They were produced as direct competitors for the Colt Model 1873 Single Action Army revolver. Unfortunately for Remington, even though the design was much more convenient for cleaning and cylinder removal, by the time they appeared on the scene Colt was already well established with the U.S. Army and civilians alike. No large military contracts were ever awarded to Remington. A handful saw service as side arms by Indian police on Western reservations.
As Remington was more known for rifles and shotguns, their distribution and advertising were inadequate, and therefore sales were slow. By the time the Model 1890 was produced, sales of large bore single action revolvers had waned substantially in favor of the more convenient double action revolvers from Colt and Smith & Wesson. After only a short run the revolver was dropped from the product line to become just a footnote in firearms history, and a highly desirable rarity for today’s gun collectors. Slightly more than 2000 were manufactured.

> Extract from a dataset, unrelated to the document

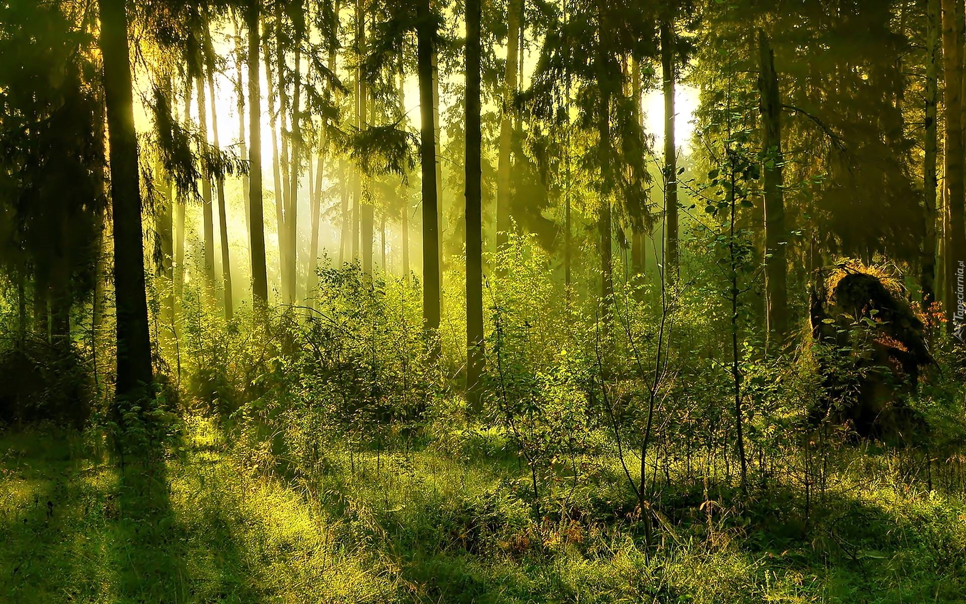 Edytor tapety: Las, Drzewa, Krzewy, Promienie, Słońca

The M-1890 was a large frame, single action 6-shot revolver only chambered for .44 Winchester Center Fire (.44 WCF or .44-40), as that was undoubtedly the most popular cartridge during American expansion in the west. It was only produced in two-barrel lengths, either 7 ½” or 5 ½” and could be had in nickel-plated or blued finishes. Remington Arms monogramed hard rubber grips completed the aesthetic package for the revolvers, and a swiveling lanyard ring in the butt.